Figure 7 shows the comparison of heat transfer by CO2 at different reservoir depths at the same operating and formation properties as shown in Table 1. The temperature of the formation at depths of 2800 m and 3500 m was calculated at a constant geothermal gradient porosity and CO2 injection pressure 0.03 °C/m, 25%, 1078 psi, respectively. The determined temperature of the formations was 84 and 105 °C for the selected formation depth as mentioned above. With the developed methodology, the variation in formation temperature and thermal stresses was determined as shown in Fig. 7. It is evident from this Fig. 7 that the formation temperature after CO2 injection at depth of 3500 m remains almost constant with less decrease in formation temperature and minimal thermal disturbance. However, when the depth decreased to 2800 m, the temperature of formation decreases near the wellbore at a high rate. Therefore, it is apparent that when the reservoir is shallower, the temperature difference between CO2 and formation will high and it causes an elevated decrease in formation temperature and thermal stresses, these results are supported by the findings of Khurshid and Choe (2018). Therefore, accurate knowledge of CO2 temperature at a given depth helps to take the right decision to control its temperature by decreasing the injection rate, thermal and tensile stresses.

Fig. 7
figure 7

Thermal evolution in a reservoir at different formation depth and temperature

Summary and conclusions

The effect of low-temperature CO2 injection on lowering of formation breakdown pressure and formation damage has been successfully predicted from a geomechanical aspect using the coupled thermoporoelastic model. The main findings of this study can be summarized as follows:

  • The developed model can be used as an effective tool to model thermomechanical deformation of porous media during CO2 injection and investigate the effect of temperature and thermal stress reduction.
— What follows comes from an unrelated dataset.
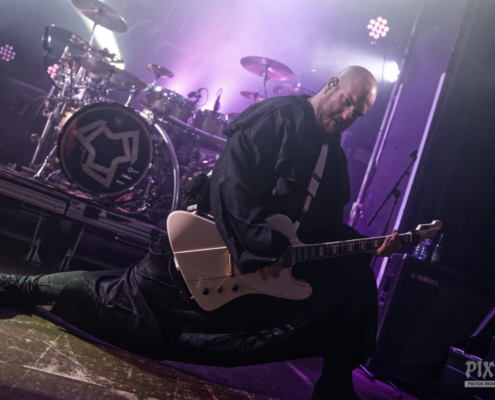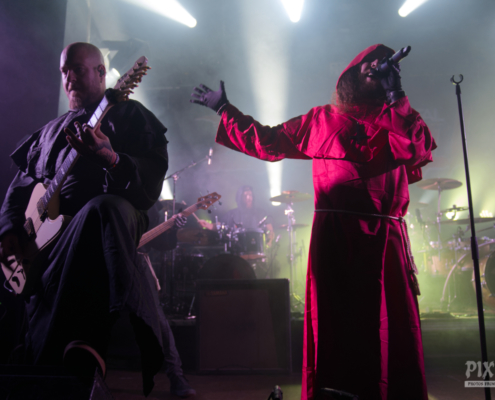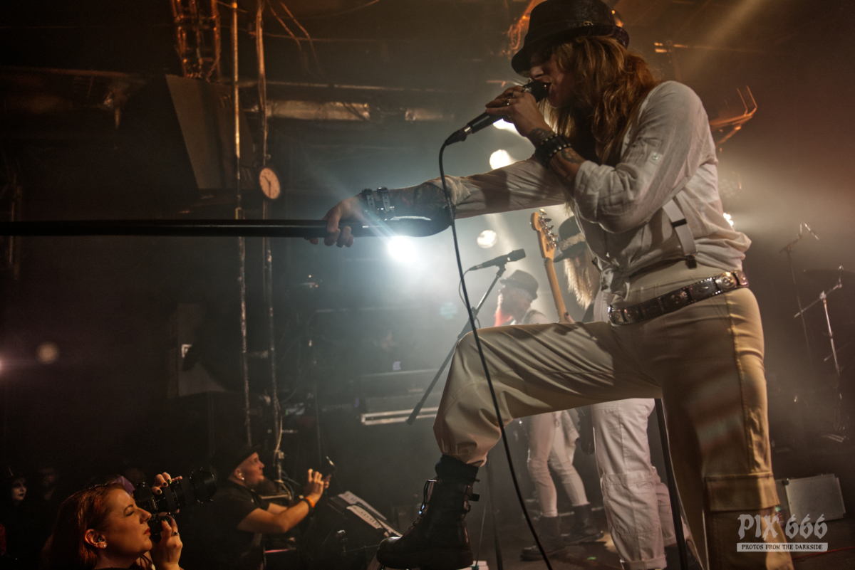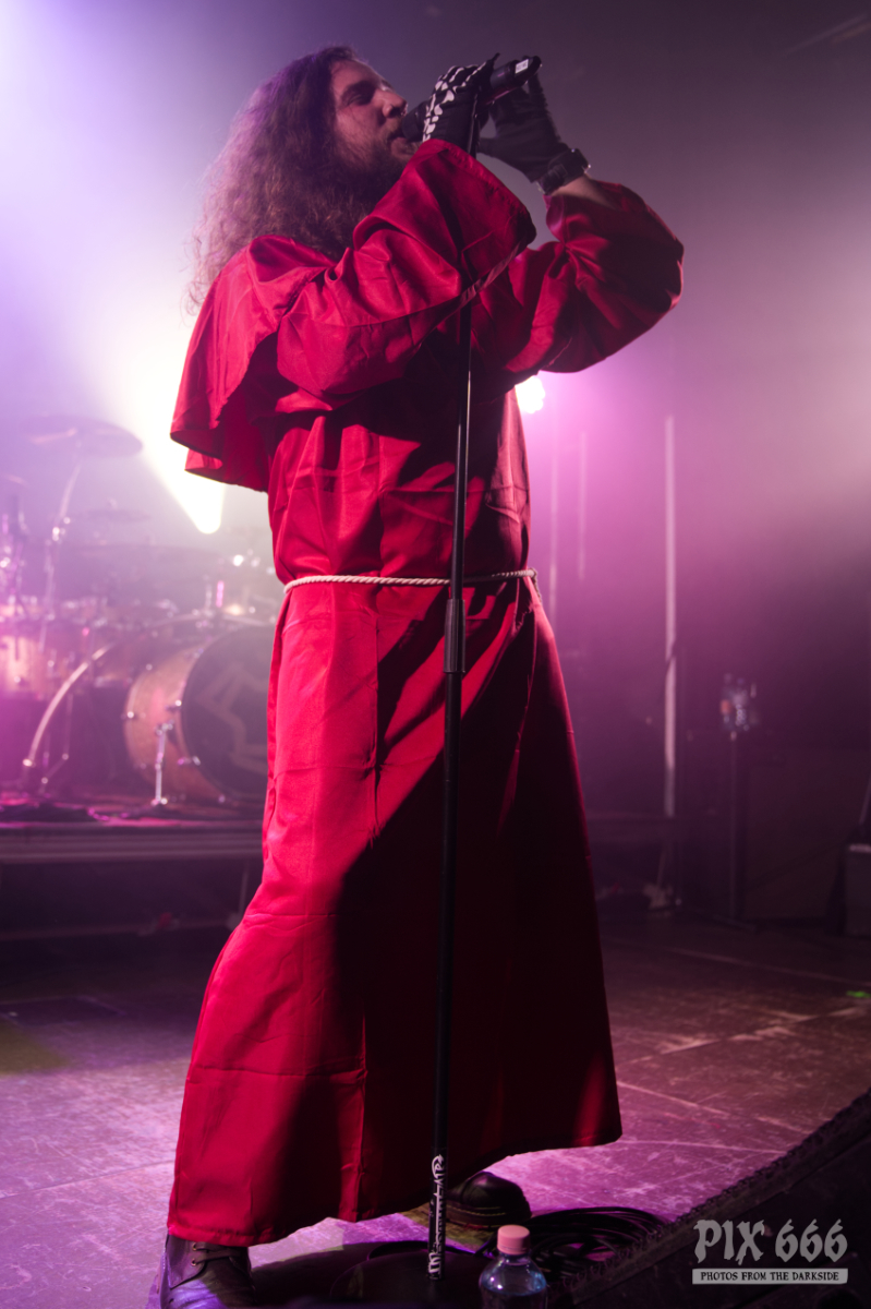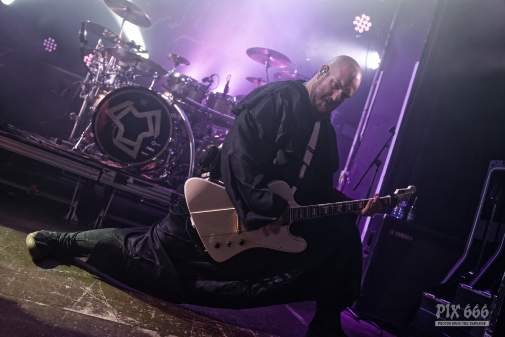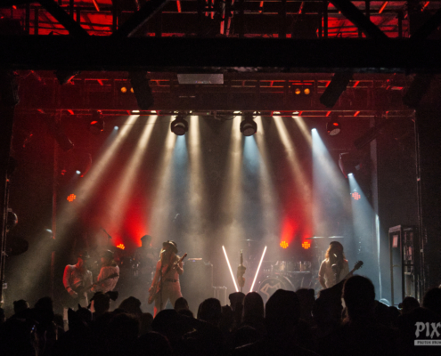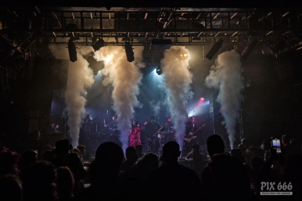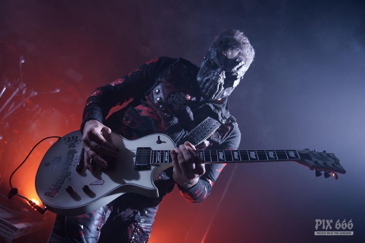 Nun wurde die Bühne bereitet für den Headliner des Abends bzw. der Gruselnacht. FFS Bookings hat es geschafft, die tschechische Megaband Dymytry nach Wien zu holen – anders kann man eine Band kaum bezeichnen, die in ihrem Heimatland für ihr Album ‚Revolter‘ eine Platinauszeichnung erhalten hat. Die Band hat für den Start ihrer internationalen Karriere das Erfolgsalbum auch in englischer Sprache veröffentlicht und sich zu einem kuriosen Schritt entschieden. Sänger Protheus wird bei den internationalen Auftritten von Alen Ljubic ersetzt. Wer wissen will, wie es genau zu dieser Idee kam, sollte sich unbedingt mal bei Google umschauen, das würde jetzt hier den Rahmen sprengen. Dymytry lieferten in der ((Szene)) eine mega leiwande Licht- und Bühnenshow ab. Auch die Songs vom neuen Album ‚Five Angry Men‘ kamen super an, ‚Enemy List‘ und ‚Everything Is Black‘ haben sogar richtige Ohrwurm Qualität. Der Sänger drehte dann eine ausgiebige Runde gemeinsam mit den euphorischen Fans im Circlepit. Die Band nannte den Zombieball die „geilste Halloween Party, auf der wir je waren“. Nun gab es eine tolle Coverversion des Rockwell Hits ‚Somebody‘s Watching Me‘, bei der im Original die Legende Michael Jackson den Refrain singt. Immer wieder wurde auch das Publikum mit in die Show einbezogen. „Lasst und singen, klatschen, moshen – lasst uns im Takt springen. Wir machen ein bisschen Halloween Party“ hiess es dann vorm Klassiker ‚Behind The Mask‘ aus dem Jahr 2018. Nach der ganzen Anstrengung hiess es dann „Alle runter jetzt und auf mein Kommando springen wir dann“. Das hatte wirklich was von ‚Touchdown‘ und dem anschließenden Jubelsprung. Wir waren wirklich sprachlos von der Show und der super Stimmung – eine fantastische Bandauswahl mit einem überragenden Headliner. Wow – danke FFS Bookings, das war großartig.

  • CO2 injection reduces the formation temperature and thermal stresses and induces tensile stresses leading to lowering of formation breakdown pressure.

  • Change in temperature and its spatial distribution is affected by formation properties such as porosity, thermal expansion, rate of CO2 injection, depth and stress state.

  • Shallow reservoirs should be avoided and deep reservoirs should be preferred due to the likelihood of lowering of formation breakdown pressure and formation damage.

  • The injection of low-temperature CO2 reduced the thermal stresses and initiated fracturing, cracking and microseismicity which could increase the formation permeability. However, it could compromise the safety and sustainable storage of CO2.

  • For selected case study, the formation breakdown pressure was initially at 2560 psi, after the injection of low-temperature CO2, it reduced to 1928 for immiscible case and 1270 psi for miscible case.

  • It is suggested to decrease CO2 injection pressure periodically over the time, during miscible flooding. With the recommended approach, we successfully mitigated the formation contraction, fracturing, microseismicity, its deformation and surface leakage.

  • Formation damage and reduction of formation breakdown pressure by low-temperature CO2 and the associated oil recovery are very case-dependent and hence, the findings of this research cannot be generalized.